TIGR's good with video editing rigs (he's built a fair few AFAIK). If he spots this thread, he'll no doubt pop in. As a last ditch effort there's the Adobe Forums, but their layout isn't nice and the search function can be annoying.


----------



## TheMailMan78 (Jul 22, 2011)

scaminatrix said:


> There's also HDD performance; I don't know if it's relevant in your case, but HDD's can cause performance issues and might be your bottleneck. I got a 4 drive RAID array because I'm working with 1280x720 30fps media at the moment (higher res = more bandwidth needed) so yea - you could be maxxing your read and write speeds of your drive.
> Try it again, but this making the destination for the file onto another drive. That's the best way to keep things on a vid editing rig IMO, read off one drive, write to another. Don't get any drive to try and do both (but that's a personal preference. if you got a decent RAID array then you can ignore my statement)
> 
> I just bought a GTX470 today to utilise MPE in CS5. I had almost the same problem as you; upgraded system but got worse performance. So I re-installed CS4 and had my performance back again! I figured it was just a bug in CS5 so I used CS4 to finish the job I had on. I'm going to chuck the GTX470 in and install CS5 today, update it and cross my fingers.
> ...



Personally I hate CS 5.5. Photoshop and Illustrator bring nothing productive to the damn table......again. I mean they haven't changed much since Photoshop 5. Shits getting old already all the damn bugs THEY WONT FIX.


----------



## newtekie1 (Jul 22, 2011)

TheMailMan78 said:


> Personally I hate CS 5.5. Photoshop and Illustrator bring nothing productive to the damn table......again. I mean they haven't changed much since Photoshop 5. Shits getting old already all the damn bugs THEY WONT FIX.

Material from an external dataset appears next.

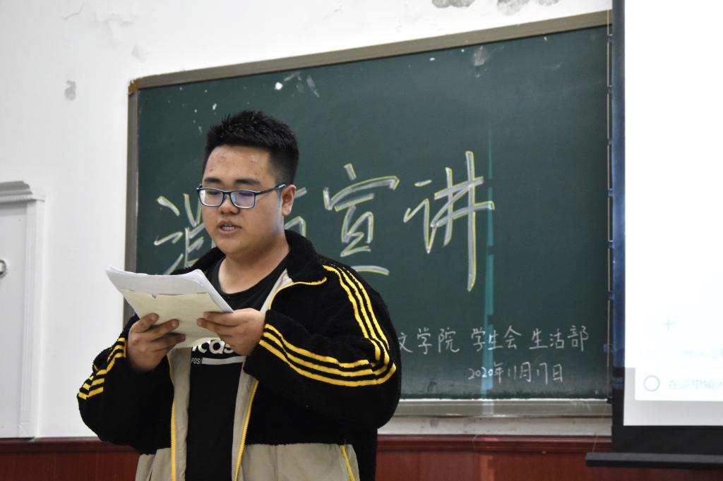 为宣传消防知识,增强同学们的安全意识,11月17日19:00,文学院在博学楼东101教室举办消防安全宣讲活动。文学院2019、2020级各班参加了活动。

I liked CS5 simply because of the massively improved content aware fill.  Other than that, I agree with you that there really hasn't been much improvement at all.  And I really think it is a slap in the face from Adobe for them to charge CS5 customers for CS5.5, that should be a free upgrade for people that just bought CS5.  I had a client that just spent $2,600 on CS5 Master Collection 6 months ago, and Adobe wants to charge them $600 to upgrade it to CS5.5, that is why I hate Adobe.

But that is getting a little off topic, lets just try to help him out and not discuss if we like the product or not.


----------



## twicksisted (Aug 9, 2011)

Im still trying to find the bottleneck in my system so that i can render the final video output faster.
So far people have suggested that if I have an Nvidia graphics card this will be quicker but according to my research on the matter this is only good for rendering previews in the program (not the final rendered video output).

_- CPU dosent seem to be the issue as I have plenty of speed in my i7 sandybridge and it only peaks at 30% during the final render.
-Ram dosent seem to be the issue as it dosent use it all up (have 16GB).
-HDD cant be the issue as I am using a SATA III 6GB/s Corsair GT SSD which is pretty much the fastest SSD drive on the market with huge I/O and R/W speeds._

So out of interest does anyone else have CS5/5.5 and a nice fast i7 setup.
If you could test out your findings as far as rendering a 1080p video in full quality... im trying to find out why my CPU does not go above 30% useage.


----------